Use eSpeak for Text to Audio conversion
eSpeak command can be used to convert text into speech. You can give any text file as an input or enter the texts on the terminal for conversion. Let’s speak the line “Hi this is a sample” and record it to the sample.mp4 audio file.
espeak "Hi this is a sample" -w sample.mp4 -g 60 -p 70 -s 100 -v en-us
Here, -w parameter specifies the output file name which should be an audio file. It can also be a .mp3 or any other format like ogg, vorbis etc.
This is followed by -g parameter which controls the pitch of voice and it's value should not be more than 90 to avoid high-pitched voices which sounds like 'robotic' or 'artificial'.
The -p parameter controls the pause between words and it's value should be less than 10 to avoid undue pauses. The default value is 2 which means there will be two seconds of silence after each word.
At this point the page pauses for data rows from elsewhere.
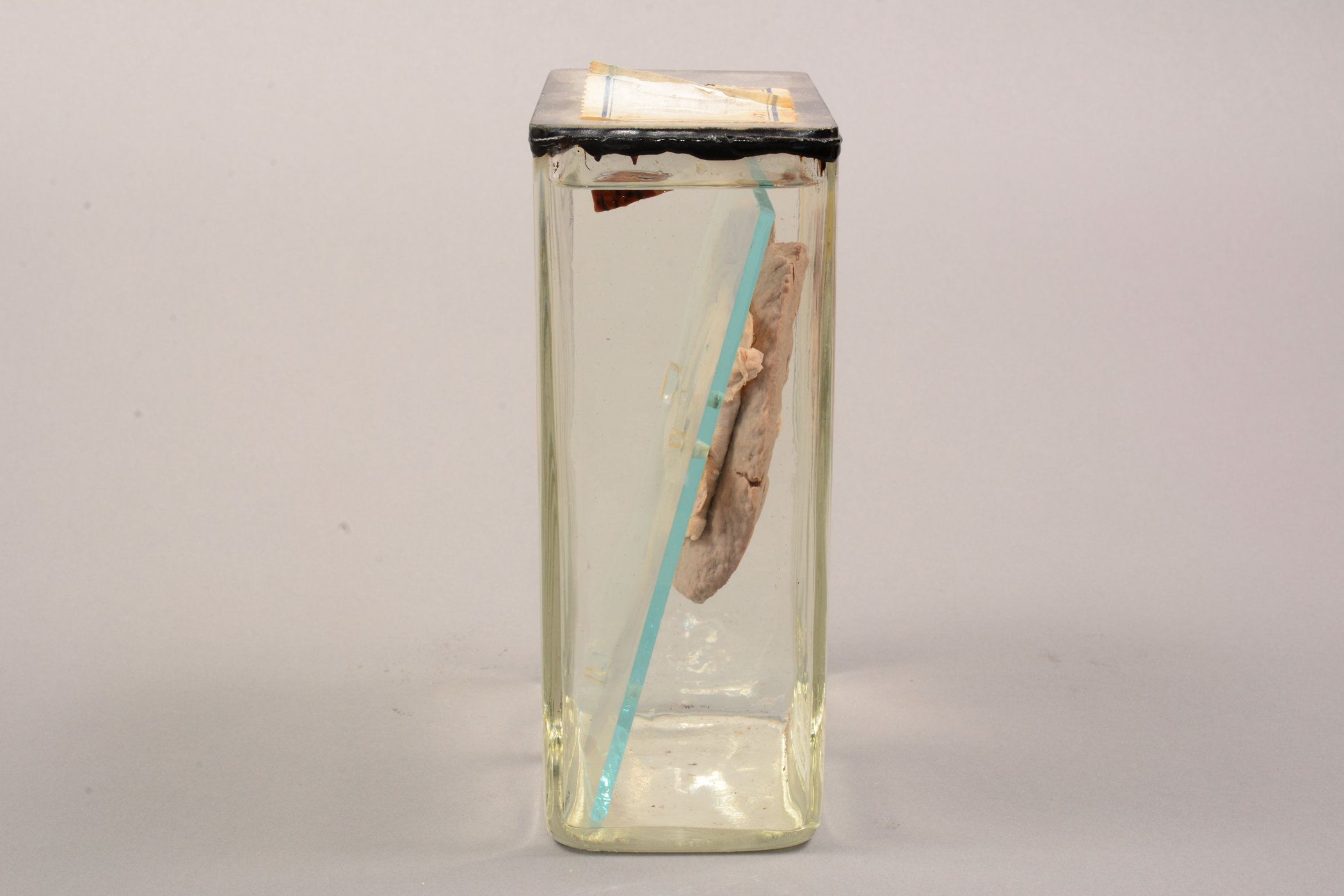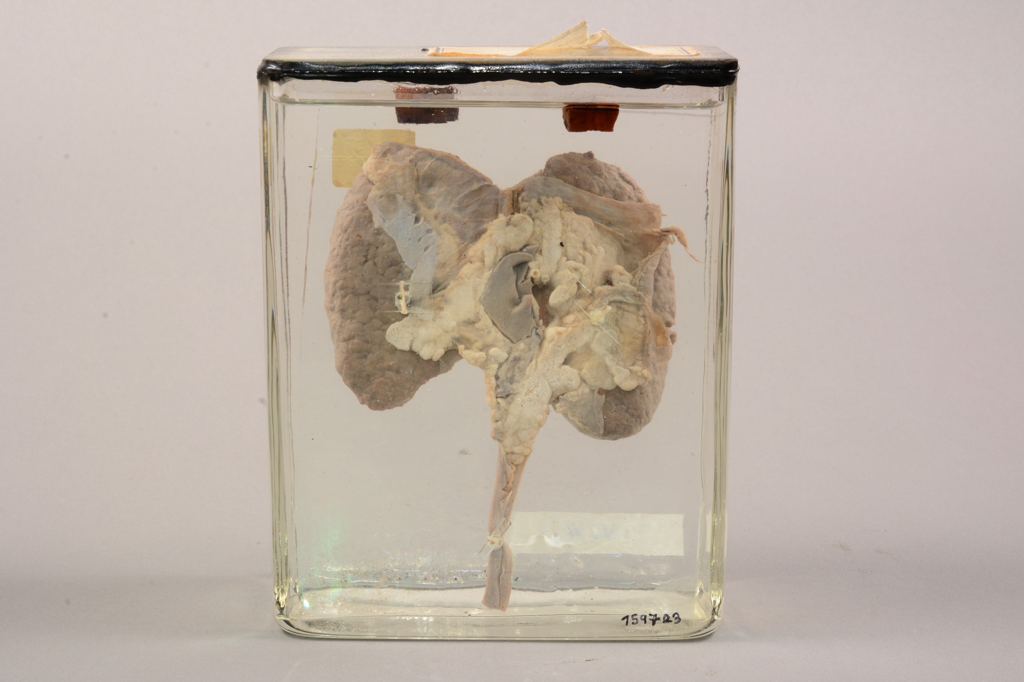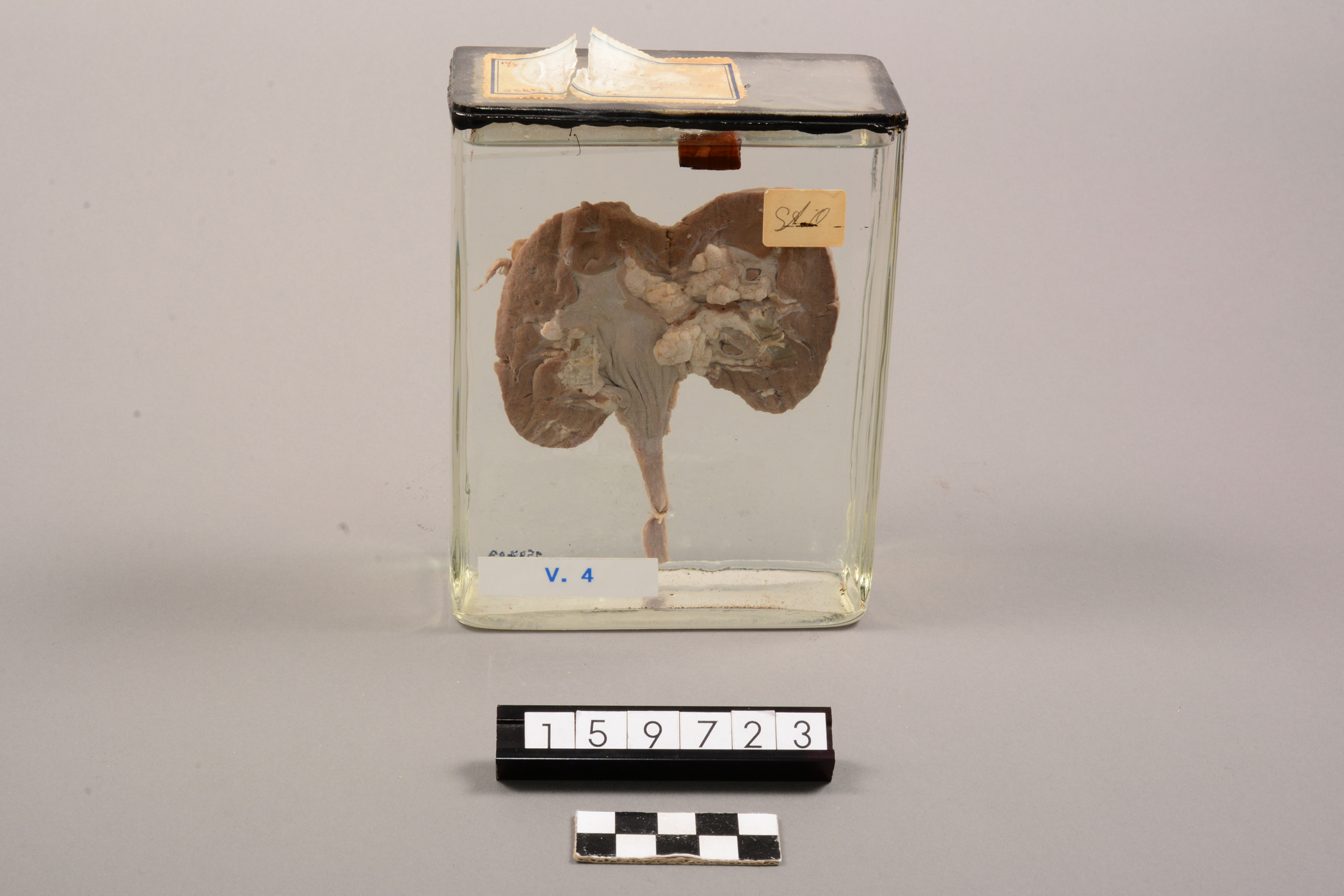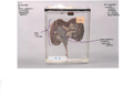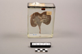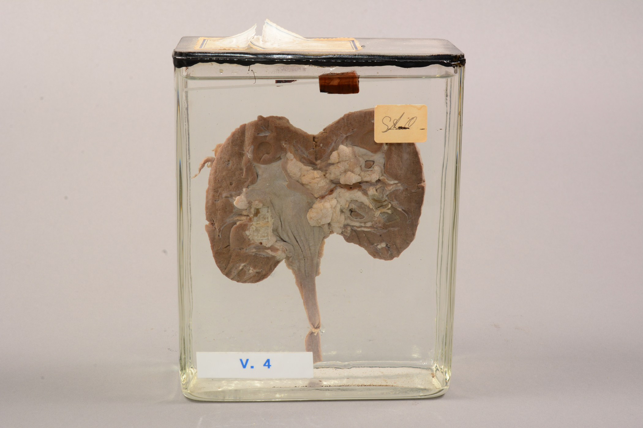 Beskrivelse: Nyrepræparatet er placeret i en glasbeholder i størrelsen 15 x 12 x 6,5 cm. I denne beholder er nyrepræparatet fastsat med 2 hvide snore, 2 hvide perler og 2 gennemsigtige plastikstykker. Præparatet er fikseret, hvilket vil sige, at man har stoppet nedbrydelsesprocesserne ved at anvende fiksativer som f.eks. formaldehyd (Patologisk Institut har anvendt 4 % formalinopløsning). Beholderen er fyldt med sprit. Præparatnummer fra registrant kaldet "Museumspræparater" fra Patologisk Institut: Lymfo-retikulære system, blod, knoglemarv V 4.
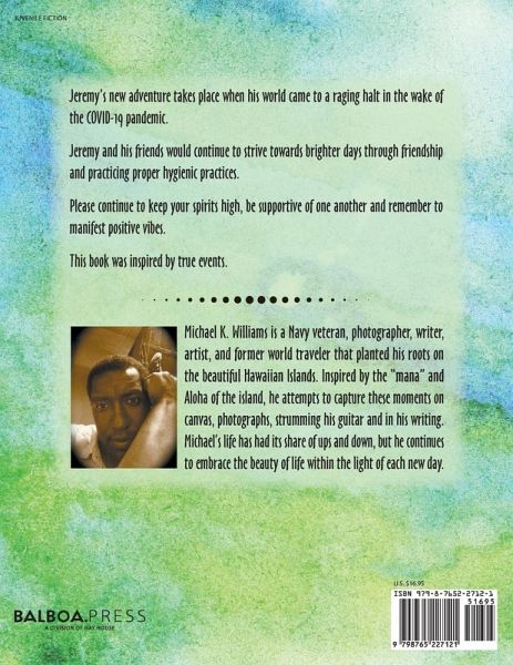Jeremy's new adventure takes place when his world came to a raging halt in the wake of the COVID-19 pandemic. Jeremy and his friends would continue to strive towards brighter days through friendship and practicing proper hygienic practices. Please continue to keep your spirits high, be supportive of one another and remember to manifest positive vibes. This book was inspired by true events.
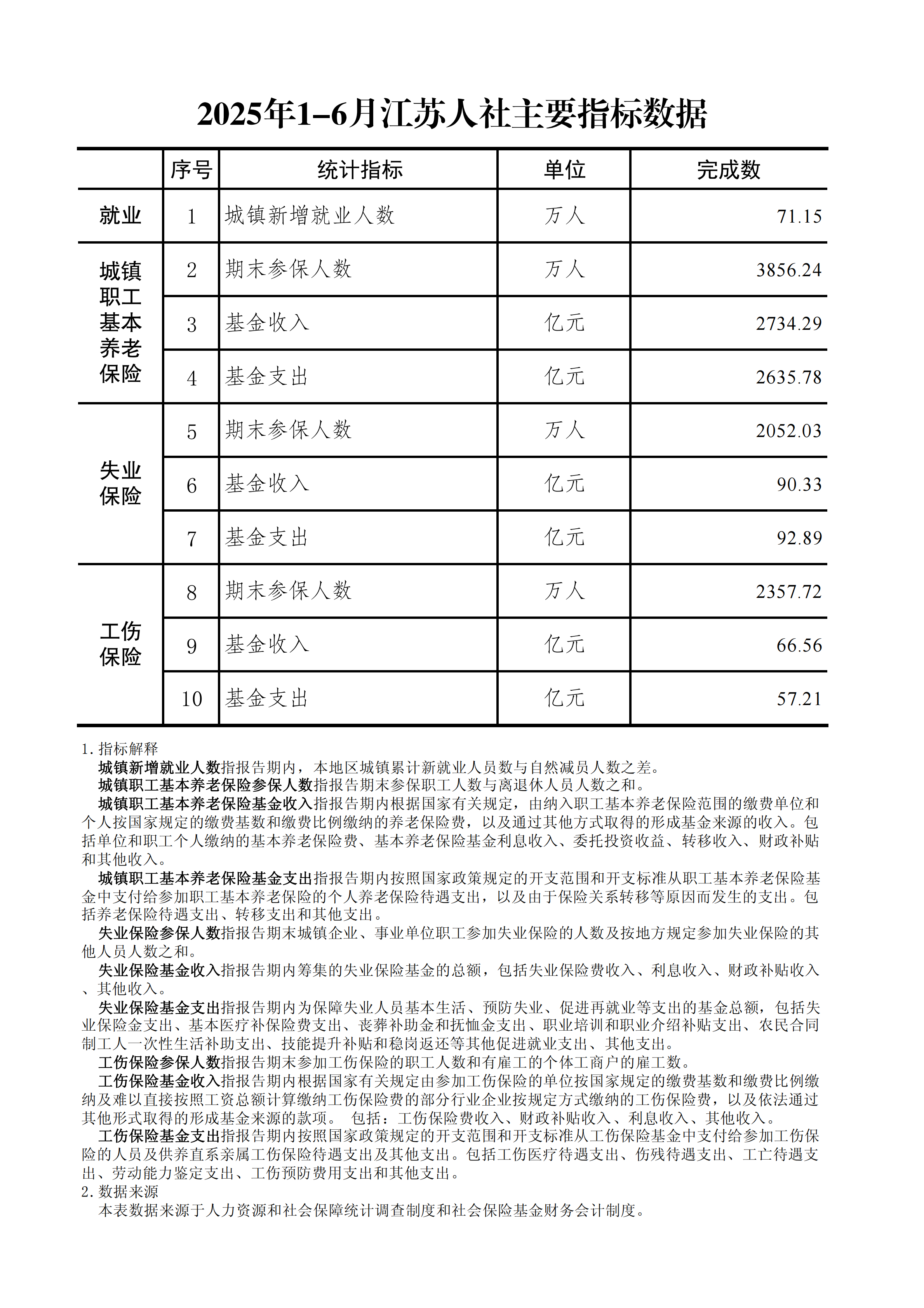 2025年1-6月江苏人社主要指标数据
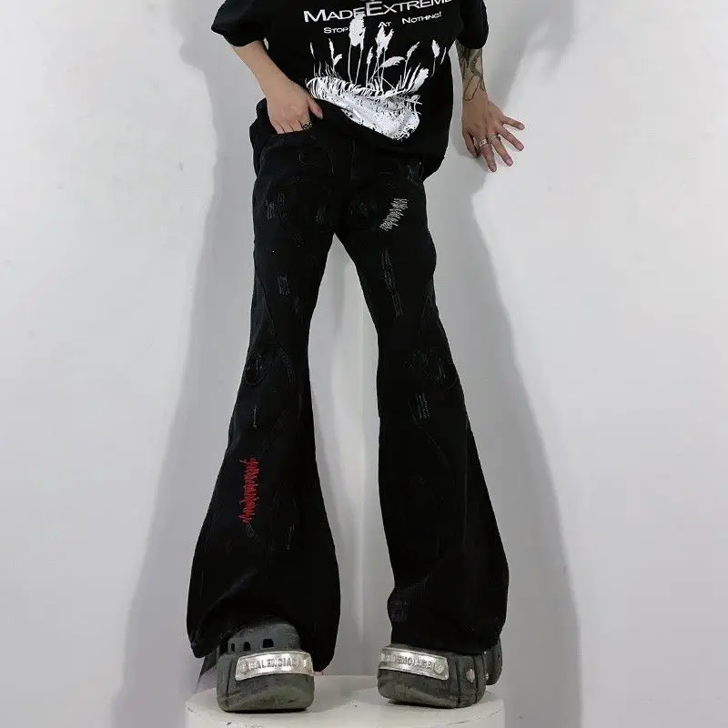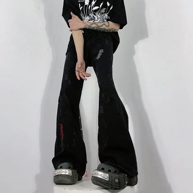 American retro personalized design splicing washed micro horn jeans men and women street loose wide leg drag casual pants y2k

The –s parameter controls the speech speed and may be adjusted to change the reading speed of text.
The -v parameter controls the voice selection which needs an input from a user and it takes en, es (for European accent) or fi suffix for English, Spanish or Finish accents respectively.
You can now play the sample.mp4 file to listen to the spoken text in any mp3 media player of your choice like mplayer or vlc. You can enter as many lines of text as you want and record them all in a single terminal session.
There are many other ways to use eSpeak to read texts. The --help option will suggest some other ways for using it.
Use the following command to remove eSpeak:
sudo apt-get remove espeak
Type y and hit enter when prompted to remove eSpeak with dependencies. This command will remove the espeak package and all its dependencies from your system.
1. If you installed espeak system-wide, it will also remove the eSpeak engine from your system and use the default voice.
2. If you can't use sudo apt-get remove espeak. It'll result in an error that says that 'espeak' package is required by this or other packages and you won't be able to uninstall it, it's better to use the update option.
sudo apt-get -y upgrade --remove espeak
Install Gspeaker for GUI based text-to-speech conversion
Gspeak is another popular text to speech software for Linux. It was written in Python and uses the espeak TTS engine for actual conversion. It provides a simple user interface which is used to control all the settings related to voice selection, general options etc.
You can install it with any package manager. Type following command in terminal to install GSpeaker:
apt-get install gespeaker -y
Once it is installed, you can launch it from your Unity dash. It will launch the gui interface of Gspeak which helps you in controlling your voice engine.
This is how the Gespeaker UI looks like:
There are separate tabs for each option.
The 'base setting' tab allows you to set all the general options of the TTS engine like speech rate, pitch etc. You can also set other settings like timeouts and audio settings.
The voices tab allows you to select the voice out of the installed voices.
The history tab allows you to store your custom text-to-speech conversions which can be reused anytime later.
The revert tab restores the previous settings after your voice setting is changed. This tab only works when you're changing the existing saved settings. The save button will be grey.
You can read more about the Gespeaker option in the gespeaker help section which can be accessed from the “Help” tab.
If you are not using Gespeaker, remove it to free up some disk space. Type the following command in terminal:
apt-get autoremove gespeaker -y
You can also remove Gespeaker via the software center of Ubuntu. Open the software center and search for “gespeaker”. Click on the icon and select the remove option from the right side menu.
This tutorial showed you how to install eSpeak and Gespeaker on a Ubuntu machine. You can use any of this TTS software to read texts out loud, it is up to you which one to choose.
If you don't like these two, there are many other text-to-speech engines available for Linux. I recommend that you check out espeak alternatives wiki page. It's always handy to have more than one speech engine installed on your machine.